Kost und Logis: Ein Fingerhut im Ozean
Karin Hoffsten macht sich Gedanken über Hochpotenziertes.
Die schulmedizinischen Autoritäten meiner Kindheit hielten wenig von Homöopathie, bis jemand feststellte, dass sich auch Purzel, der familieneigene Rauhaardackel, nach der Einnahme von Globuli spontan von was auch immer erholt hatte. Fortan pflegte ich zur Homöopathie eine mild neutrale Einstellung.
Doch je öfter ich auf Erläuterungen zu den Mengenverhältnissen in den geschüttelten und gerührten Substanzen stiess, desto rätselhafter wurde mir ihr Wirken. Heute neige ich dazu, die Wirksamkeit von Globuli allein dem definitiv bewiesenen Placeboeffekt zuzuschreiben. Keine Ahnung, wie der in den Hund kommt, kann mir aber vorstellen, dass sich das der ruhigen Hand und sanften Stimme von Herrchen oder Frauchen verdankt.
Als ich auf Tuben bekannter Zahnpastamarken las, sie böten einen mentholfreien, «homöopathieverträglichen Kariesschutz», staunte ich. Dann stiess ich im Rahmen meiner Recherchen auf den Erfinder der Homöopathie, Samuel Hahnemann (1755–1843), und die sechste Auflage seines Schlüsselwerks «Organon der Heilkunst», wo im Paragrafen 260 noch mehr «Antidots» aufgelistet werden: «Alle diese Dinge müssen möglichst vermieden oder entfernt werden, wenn die Heilung nicht gehindert oder gar unmöglich gemacht werden soll.» Hier eine kleine Auswahl: «Kaffee, feiner chinesischer und anderer Kräuterthee, (…) Selerie, Petersilie, Sauerampfer, (…) Stubenhitze, schafwollene Haut-Bekleidung, sitzende Lebensart in eingesperrter Stuben-Luft, oder öftere, bloss negative Bewegung (Reiten, Fahren, Schaukeln), übermässiges Kind-Säugen, langer Mittagsschlaf im Liegen (in Betten), Lesen in wagerechter Lage, Nachtleben, Unreinlichkeit, unnatürliche Wohllust, Entnervung durch Lesen schlüpfriger Schriften, Onanism oder, sei es aus Aberglauben, sei es um Kinder-Erzeugung in der Ehe zu verhüten, unvollkommner, oder ganz unterdrückter Beischlaf; (…) leidenschaftliches Spiel, übertriebene Anstrengung des Geistes und Körpers, vorzüglich gleich nach der Mahlzeit» und anderes mehr.
Dass die 67 Prozent Schweizer BürgerInnen, die 2009 Ja dazu sagten, die Alternativmedizin – und damit auch die Homöopathie – in die Grundversicherung aufzunehmen, diese Auflistung kannten, ist unwahrscheinlich; und dass eine homöopathische Behandlung unter diesen Bedingungen bei modernen Menschen irgendetwas bewirkt, ebenso – es sei denn dank des erwähnten Placeboeffekts.
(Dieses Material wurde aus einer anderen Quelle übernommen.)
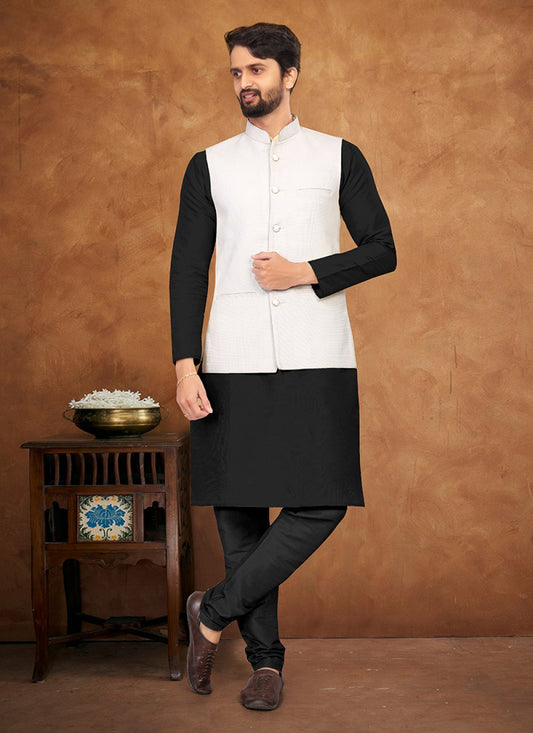 Kurta Payjama With Jacket Silk Black

Zeitgenössische HomöopathInnen verkürzen die Aufzählung und erweitern sie dafür um andere schlechte Einflüsse wie «WLAN-Router, Handy, Tabletcomputer, Laptop, PC, Fernseher, Baby-Phone, Mikrowelle» et cetera (vgl. alfred-stellbrink.de). Doch ich fürchte, die Heilmethode selbst ist genauso überholt wie ihre vor mehr als 200 Jahren aufgelisteten «Antidots».
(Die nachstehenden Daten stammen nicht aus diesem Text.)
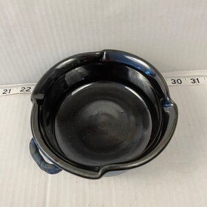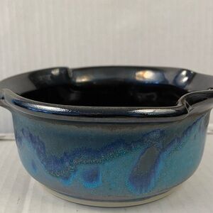 Stunning artist signed ceramic bowl in blues and blacks with some pink. Signed by the artist on the back. Scalloped edge and handle. Can be used as a serving bowl or as decor

Allein wegen meiner Begeisterung fürs Lesen in waagerechter Lage, gern auch auf dem iPad, bin ich für die Homöopathie inzwischen leider rettungslos verloren.
Karin Hoffsten findet, dass ein Säckchen Mehl aus der Hand der Hausärztin ihres Vertrauens ebenso wirksam, aber fürs Gesundheitssystem preisgünstiger wäre als ein Gläschen mit hochpotenzierten Globuli.